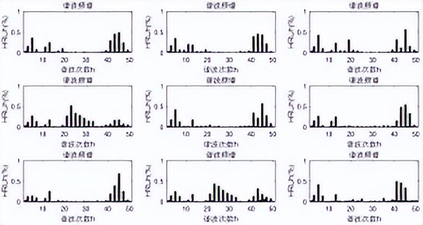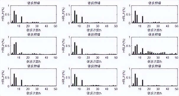 由表3可以看出,刘府牵引变电所B相、水家湖牵引变电所B相、邵岗牵引变电所A相谐波电压总畸变率95%概率值是各相中*大的,谐波畸变率实测曲线如图9、图10、图11所示,谐波电压总畸变率95%概率大值附近9个点对应的频谱如图12、图13、图14所示。
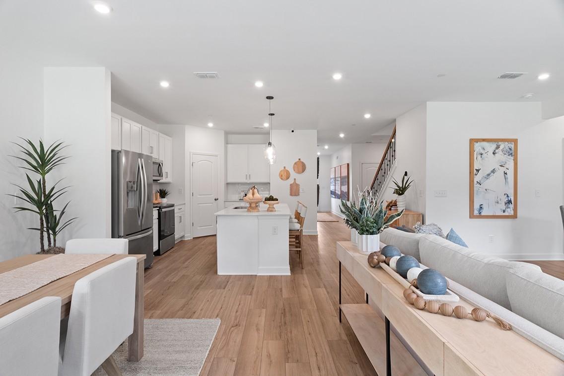 Discover the charm and spaciousness of the Calderwood floor plan at Barton Hills in Spring Hill. The expansive kitchen, complete with a center island, seamlessly flows into the great room and dining area, making it ideal for entertaining. Sliding glass doors lead from the dining area to a welcoming patio, perfect for outdoor gatherings. The main-floor owner's suite provides a serene escape with a generous walk-in closet and a luxurious attached bath. An additional secondary bedroom, accompanied by full bathroom, downstairs is an ideal guest room or office—whatever your family needs. Upstairs, the home offers a large storage room suitable for a variety of uses, such as a playroom or hobby space. Three additional bedrooms and a full bath with double sinks ensure ample space for family and guests. An expansive game room completes the second floor, offering an ideal space for family fun and relaxation.
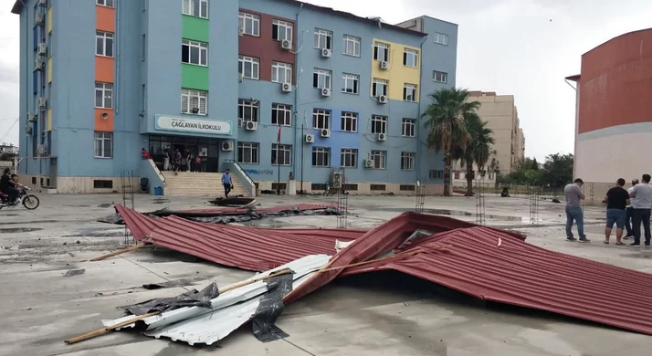 Mersin’in Tarsus ilçesinde Okulun çatısı uçtu!

■ EXERCISE PROMPT: Leaving the pictures out, copy exactly the lines from the line that contains "Discover the charm" to the last line of the data, both ends included.

■ REPLY:
 Discover the charm and spaciousness of the Calderwood floor plan at Barton Hills in Spring Hill. The expansive kitchen, complete with a center island, seamlessly flows into the great room and dining area, making it ideal for entertaining. Sliding glass doors lead from the dining area to a welcoming patio, perfect for outdoor gatherings. The main-floor owner's suite provides a serene escape with a generous walk-in closet and a luxurious attached bath. An additional secondary bedroom, accompanied by full bathroom, downstairs is an ideal guest room or office—whatever your family needs. Upstairs, the home offers a large storage room suitable for a variety of uses, such as a playroom or hobby space. Three additional bedrooms and a full bath with double sinks ensure ample space for family and guests. An expansive game room completes the second floor, offering an ideal space for family fun and relaxation.
 Mersin’in Tarsus ilçesinde Okulun çatısı uçtu!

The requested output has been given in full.